Filter the lines below, keeping each one that holds "Permafrost".

- - - -

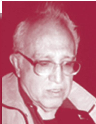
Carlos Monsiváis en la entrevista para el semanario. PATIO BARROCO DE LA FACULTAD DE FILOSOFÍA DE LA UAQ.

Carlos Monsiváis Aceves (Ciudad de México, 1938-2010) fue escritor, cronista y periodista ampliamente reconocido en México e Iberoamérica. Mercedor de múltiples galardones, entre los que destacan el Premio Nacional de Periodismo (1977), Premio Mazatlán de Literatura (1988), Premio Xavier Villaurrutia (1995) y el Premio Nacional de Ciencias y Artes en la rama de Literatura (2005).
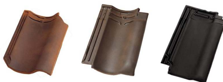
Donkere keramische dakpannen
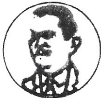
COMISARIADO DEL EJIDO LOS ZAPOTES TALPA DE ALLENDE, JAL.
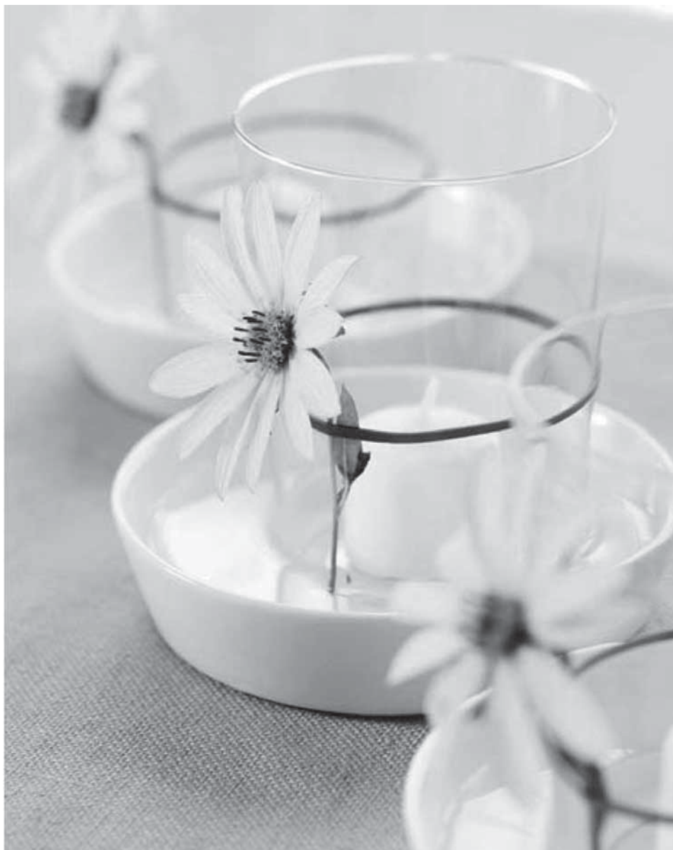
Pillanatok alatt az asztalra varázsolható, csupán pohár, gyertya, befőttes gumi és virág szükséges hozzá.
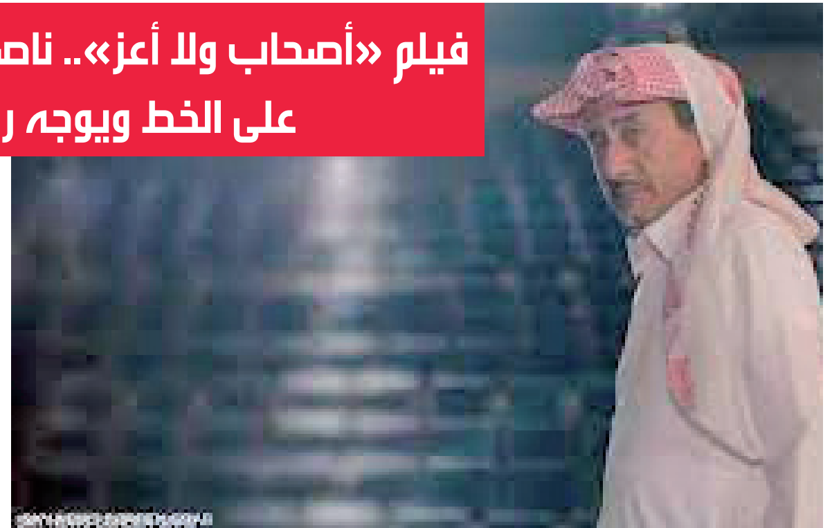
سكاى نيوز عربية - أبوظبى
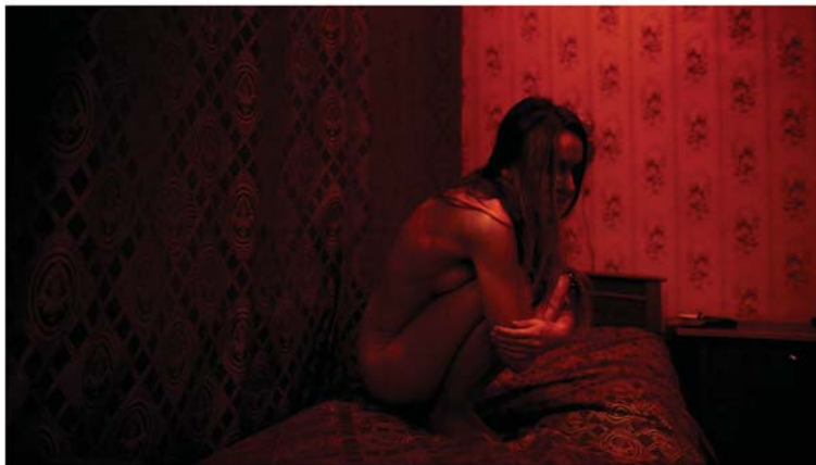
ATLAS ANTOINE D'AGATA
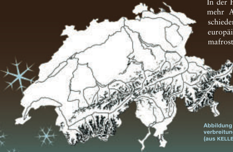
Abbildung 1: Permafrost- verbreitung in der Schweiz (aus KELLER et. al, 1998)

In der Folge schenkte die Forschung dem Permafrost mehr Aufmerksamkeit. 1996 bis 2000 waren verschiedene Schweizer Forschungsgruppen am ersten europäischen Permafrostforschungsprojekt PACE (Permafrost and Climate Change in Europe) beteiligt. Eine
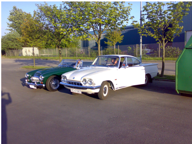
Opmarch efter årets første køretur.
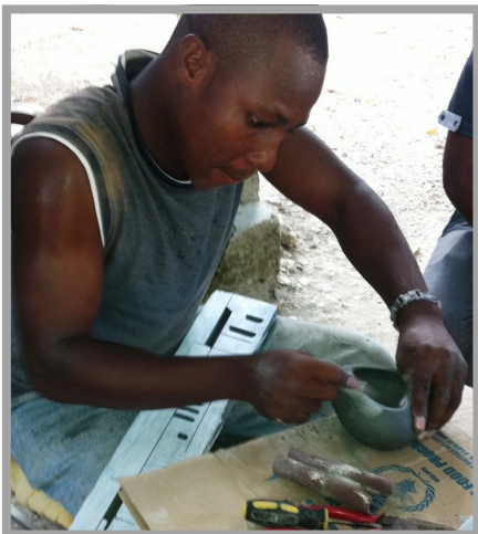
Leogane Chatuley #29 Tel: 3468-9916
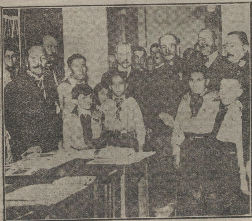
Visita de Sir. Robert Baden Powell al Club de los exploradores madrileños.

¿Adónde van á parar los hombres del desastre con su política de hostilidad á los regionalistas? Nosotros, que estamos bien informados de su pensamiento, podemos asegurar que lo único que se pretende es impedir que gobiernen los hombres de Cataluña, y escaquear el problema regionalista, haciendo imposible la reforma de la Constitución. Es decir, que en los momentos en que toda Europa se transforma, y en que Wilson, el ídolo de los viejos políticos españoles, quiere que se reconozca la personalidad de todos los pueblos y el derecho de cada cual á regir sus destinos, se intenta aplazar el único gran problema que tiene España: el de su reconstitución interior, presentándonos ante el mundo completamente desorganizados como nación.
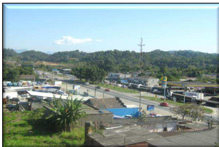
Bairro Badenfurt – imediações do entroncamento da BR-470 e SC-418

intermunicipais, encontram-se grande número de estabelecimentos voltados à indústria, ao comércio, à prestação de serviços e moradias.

- - - -

__TASK RESULT__.
Abbildung 1: Permafrost- verbreitung in der Schweiz (aus KELLER et. al, 1998)
In der Folge schenkte die Forschung dem Permafrost mehr Aufmerksamkeit. 1996 bis 2000 waren verschiedene Schweizer Forschungsgruppen am ersten europäischen Permafrostforschungsprojekt PACE (Permafrost and Climate Change in Europe) beteiligt. Eine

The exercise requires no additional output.